Understanding gene expression regulation at both transcriptional and post-transcriptional levels is critical for elucidation of the mechanism of stress tolerance in plants and important for understanding and diagnosis of human diseases. With the advent of high throughput gene expression profiling techniques, a huge amount of gene expression data on various organisms has been collected. Such a wealth of biological data has provided excellent opportunities to elucidating transcriptional regulation mechanisms using machine learning and data mining approaches.

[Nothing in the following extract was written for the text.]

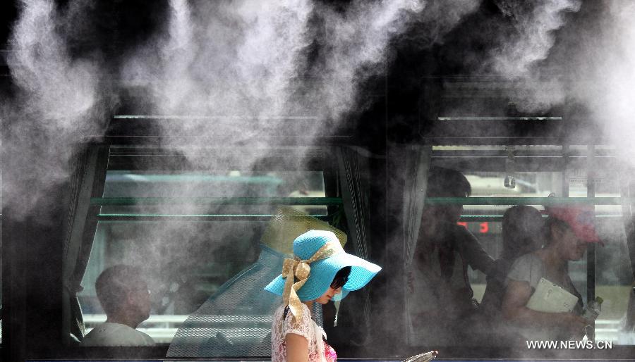 A passenger is seen under spraying equipment at the Lingyin bus station in Hangzhou, capital of east China's Zhejiang Province, July 2, 2012. The spraying equipment of the station was turned on to create a comfortable waiting condition for passengers in hot weather. (Xinhua/Wu Huang)

My main purpose of this talk is to demonstrate how machine learning and data mining methods can be developed and applied to analyzing large quantities of genomic information and gene expression data for characterizing and modeling gene expression regulation. In particular, I will present and discuss some of the methods that we have developed for modeling gene expression regulation underlying abiotic stress (e.g., drought, low temperature and salinity) tolerance, for identifying gene responsive to particular environmental stress conditions, and for characterizing the functions of microRNA genes (which are non-coding RNA genes with ~21 nucleotides long and play important roles in post-transcriptional gene expression regulation) for stress regulation in model plant Arabidopsis thaliana. I will describe machine learning and data mining approaches for feature selection and gene expression modeling that we have developed, including 1) a genome-scale approach for finding cis-regulatory elements (short DNA sequences in promoter regions) which can be used as features for modeling transcription regulation, and a bi-dimensional regression tree method for characterizing gene expression regulation that integrates information of cis-regulatory elements and gene expression data. I will also discuss three applications of these computational approaches to developing 1) what we called targeted gene finding method for identifying stress responsive genes in A. thaliana using cis-regulatory elements, 2) a new method for characterizing core promoters of the currently known microRNA genes in C. elegans (worm), H. sapiens (human), O. sativa (rice) and A. thaliana and for predicting promoters of microRNA genes, and 3) a novel functional annotation method for discovering microRNA genes in A. thaliana that are inducible by abiotic stresses.

Bio Sketch

Professor Weixiong Zhang is an Associate Professor in Computer Science and Genetics at Washington University in St. Louis, Missouri, USA. He received his B.S. and M.S. in computer engineering from Tsinghua University, Beijing, China, and his Ph.D. in computer science from University of California at Los Angeles (UCLA). Professor Zhang's research interests include computational molecular biology and genomics, artificial intelligence (heuristic search, machine learning, constraint optimization, distributed multi-agent systems), data mining, and combinatorial optimization. He has published more than 80 papers in these areas and is the author of a research monograph, State-Space Search: Algorithms, Complexity, Extensions and Applications, published by Springer in 1999.